I fully understand what this is and why it's happening, but is there any way to "burn in" the codes and just see the result in a file? My kludgy method is to cat the file, then copy/paste the text out of the terminal, but surely some combination of cat, sed, awk, or something else can get me there more easily?

Chris Martin
  • 30,334
  • 10
  • 78
  • 137
Joe Fruchey
  • 379
  • 3
  • 10
  • Try `less -r typescript` or `less -R typescript`. – John1024 Feb 01 '15 at 23:50
  • Ah, that's cool, I didn't know about -r. Any way to save that to a file? `less -r typescript > newfile` didn't work. – Joe Fruchey Feb 02 '15 at 00:00
  • Seems like a dup. of [this stackexchange question](http://unix.stackexchange.com/questions/14684/removing-control-chars-including-console-codes-colours-from-script-output). I like best the last one. – rodrigo Feb 02 '15 at 00:26
  • Joe, I just added an answer with a `sed` command that should remove most of those sequences. – John1024 Feb 02 '15 at 00:26
  • @John1024: I'm afraid that `less -r/-R` will do no better than a plain `cat` for this problem. – rodrigo Feb 02 '15 at 00:27
  • @rodrigo Did you give it a try?

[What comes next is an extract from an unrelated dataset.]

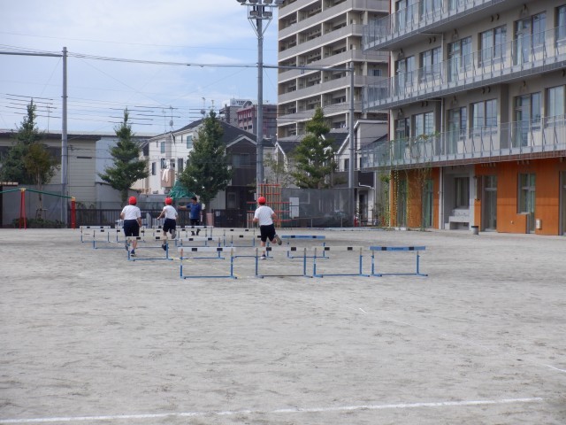 足の向きに注意して練習を繰り返し、最後に40mハードル走のタイムを測りました。

It works fine for me at displaying the typescript log in full color. – John1024 Feb 02 '15 at 00:29
  • @John1024: Yes, so does `cat`. But IIUC OP's problem is how to convert a file with control codes into a file without control codes, without manually copying/pasting the terminal output. `less` doesn't do that. – rodrigo Feb 02 '15 at 00:33
  • @rodrigo Yes, of course, you are right. That is why I gave the OP info on both a `less` command (for display purposes) and a `sed` command (for file conversion). – John1024 Feb 02 '15 at 00:41

2 Answers2

6

To display a file that contains ANSI sequences,

less -r typescript

Or,

less -R typescript

To remove ANSI and backspace sequences from a file, creating a clean newfile, try:

sed -r ':again; s/[^\x08]\x08\x1b\[K//; t again; s/\x1b_[^\x1b]*\x1b[\]//g; s/\x1B\[[^m]*m//g' typescript >newfile

How it works

  • -r

    This turns on extended regular expressions. (On BSD systems, -r should be replaced with -E. Modern versions of GNU sed will accept either -r or -E.)

  • `:again; s/[^\x08]\x08\x1b[K//; t again

    This removes any backspace sequences. These are done one at a time in a loop.

  • s/\x1b_[^\x1b]*\x1b[\]//g

    As an xterm extension (see documentation), Esc _ something Esc \ will do nothing. This command removes these sequences.

  • s/\x1B\[[^m]*m//g

    This removes the remaining ANSI sequences which set colors, etc.

This covers all the control sequences that I normally run into. There are a wide variety of extended control sequences and, if your output has some that I haven't seen, the code may need to be extended.

POSIX or BSD sed

On a BSD or POSIX system, individual commands have to be chained together with -e options instead of semicolons. Thus, try:

sed -e ':again' -e 's/[^\x08]\x08\x1b\[K//' -e 't again' -e 's/\x1b_[^\x1b]*\x1b[\]//g' -e 's/\x1B\[[^m]*m//g'
John1024
  • 109,961
  • 14
  • 137
  • 171
3

The suggested answer using "sed -r" relies upon GNU sed, which makes it not really portable. It is possible to do the same functionality with POSIX sed, but differently: POSIX does not provide for passing a whole script in a command option as shown here. That means that the (POSIX) way to implement a loop would be in a separate file, passed to sed using the "-f" option. Likewise, the hexadecimal constants are not portable. After making these changes, a functionally equivalent script can be used on the BSDs and Unix systems.

The suggested answer also does not cover some of the uses of carriage returns which are fairly common (for instance in yum output), nor does it filter out "most" ANSI sequences (since it focuses on the SGR "m" final character). Finally, it refers to

escape _ text _

as an xterm extension. But no such extension is provided by xterm, because the two characters "escape" and "_" begin an Application Program Command sequence (and xterm implements none).

The resulting sed-script looks like this ("^[" is the escape character):

s/^[[[][<=>?]\{0,1\}[;0-9]*[@-~]//g
s/^[[]][^^[]*^G//g
s/^[[]][^^[]*^[\\//g
:loop
s/[^^H]^H\(.\)/\1/g
t loop
s/^M^M*$//g
s/^.*^M//g
s/^[[^[]//g

A more complete script, named "script2log" can be found here. There are, however, things (such as CSI K) which are not suited to a sed script.

Thomas Dickey
  • 51,086
  • 7
  • 70
  • 105